Все равно Шогенуков спать спокойно не будет, пока я жив. И жирнокурдючный Алигот мечтает увидеть мою голову отдельно от туловища. А потому – да и не только потому – я должен добраться до Вшиголового раньше, чем он с помощью сераскира доберется до меня.
Джабаги Казаноков рассеянно тыкал ножом в кусок жареной оленины.
– Вот на это, милый мой Канболет, я ничего не могу тебе ответить, – сказал он. – Мое дело мирное. И мне удалось уже помирить не одну пару кровных врагов.
Тузаров посмотрел в его строгие, но затаенно-улыбчивые глаза и понимающе кивнул головой.
– А что ты не поделил с Алиготом-пашой? – спросил Джабаги.
– Почему не поделил? – засмеялся Канболет. – Дележка у нас была дважды. Первый раз в Бахчисарае, когда люди Алигота «поделили» наше с Кубати имущество, – заодно они хотели разделить на части и наши тела, – а второй раз
– сегодня утром. Только «дележкой» алиготовского снаряжения и оружия двух его людей на этот раз занимались мы с Кубати. Вернул паша свой должок…
– Так вот с кого ты снимал руно! – с уважением посмотрел на Канболета Емуз. – И ты их…
– Нет, зачем? Все остались живы. Не мог я убивать пашу. Если бы он хоть дрался как мужчина. Или бы серьезно поранил моего парнишку… Но этот презренный трус оказался – хвала аллаху! – и никудышным стрелком. А ведь ружье у него было хорошее.
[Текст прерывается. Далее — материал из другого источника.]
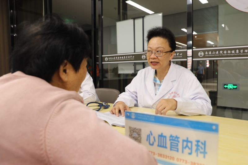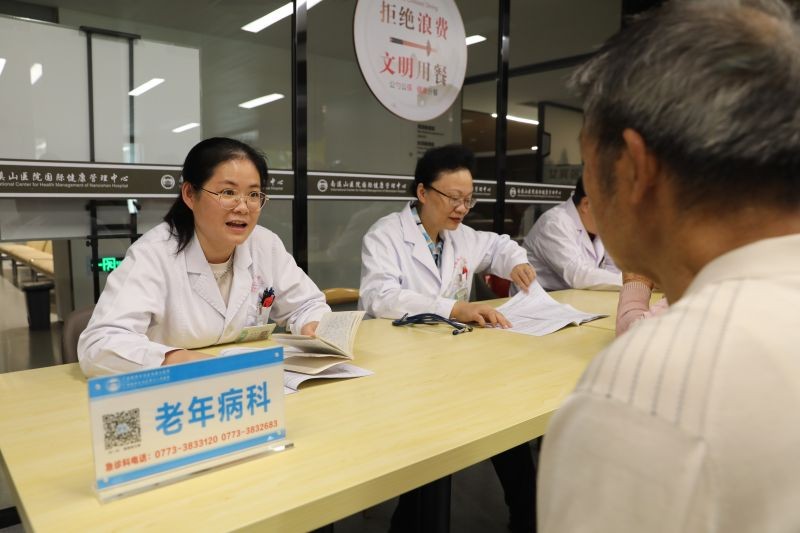 老年病科医生为老职工分析体检报告 伍家琪 摄

Емуз залпом опустошил чашу с махсымой и вытер усы ладонью.
– А я решил, что мальчик зацепился ухом за колючую ветку… – Хозяин дома немного помолчал, потом озабоченно вздохнул: – Не пустится ли теперь сераскир на новые грабежи и бесчинства?
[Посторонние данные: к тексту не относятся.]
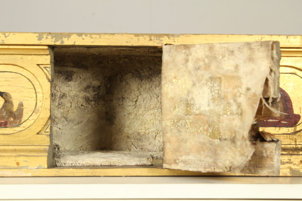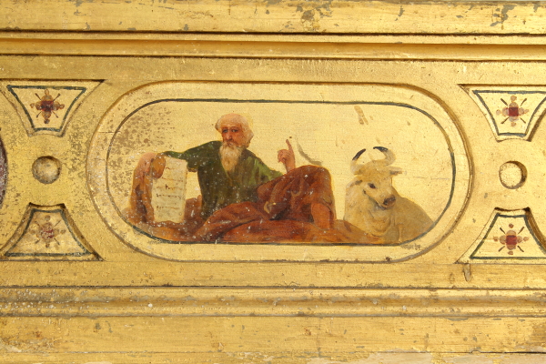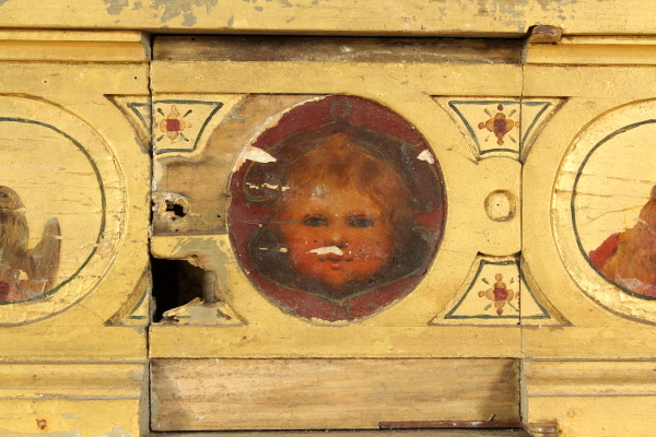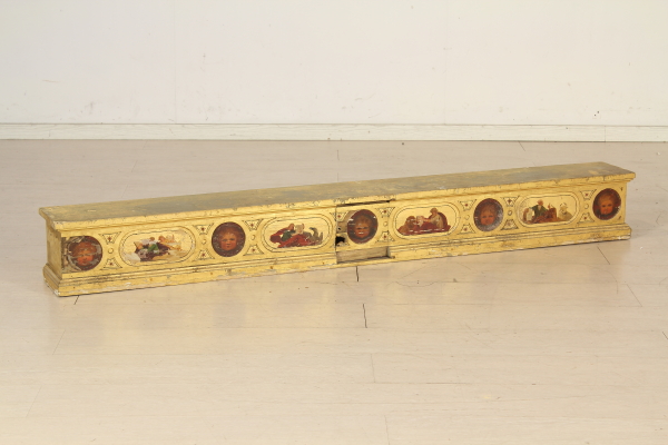 Basamento con fronte intagliato. Riserve dipinte in policromia corrente neoraffaellita.

– Пустится, – сказал Джабаги. – Только не потому, что его сегодня самого остригли. Я знаю, что крымское ханство не сегодня-завтра потребует от адыгов новую дань. Прежний ясак хотят увеличить в десятикратном размере.
– В дссятикра-а-а-тном! – поразился Емуз. – Но это невозможно! Они и так довели народ до обнищания.
– Да. Невозможно. И потому… будет война, – закончил за Джабаги Тузаров. – Я ее чувствую, как собака чувствует след зверя, который опережает ее на полсотни шагов. К тому же я только что из Крыма.
– А я еще и из Турции, – сказал Казаноков. – Война султана с русским царем неизбежна, хотя его посол в Истамбуле, чтобы оттянуть начало войны, не жалеет золотых червонцев для подкупа турецких сановников. Встречался я с этим послом. Только новенькие русские червонцы ему тоже нравятся, и он, как шепчутся в посольстве, уже «упрятал» половину из двухсот тысяч русских монет в свой карман. А султан Ахмед Третий не устает кичиться силой своих войск. Для поднятия духа он каждый день, в сопровождении огромной свиты, иностранных послов и уличных зевак, ездит за город и повергает всех в восторженное изумление дальностью стрельбы из лука. Говорят, еще никто в мире не смог пустить стрелу на такое расстояние – больше тысячи шагов. Что же, парень он здоровый, как ногайский вол. Да сейчас не об этом речь. Готовиться к скорому нападению татар – вот что нам надо делать.
– Значит, ясак, который мы обычно платили, их уже не устраивает, – задумчиво сказал Емуз.
Тузаров в сердцах ударил кулаком по колену:
– А зачем им отщипывать от лепешки раз в год по кусочку, если они считают, что могут съесть ее сразу целиком?
Емуз взял со столика нетронутую лепешку и оценивающе посмотрел на нее:
– Не подавятся?
– Думаю, что подавятся, – сказал Джабаги. – Особенно, если русские нам помогут, как это уже не раз случалось.
В хачеш вошла Нальжан, держа в руках столик-трехножку с разложенными на нем дымящимися кусками молоденькой козлятины. Из-за ее спины показалась Сана, а за ней появился Кубати. Его ухо было залеплено лоскутком белой ткани, пропитанной медом. Юноша и девушка быстро убрали столики с недоеденной олениной. Едва они скрылись за порогом, как расторопный Куанч внес свежую воду и крепкий мармажей.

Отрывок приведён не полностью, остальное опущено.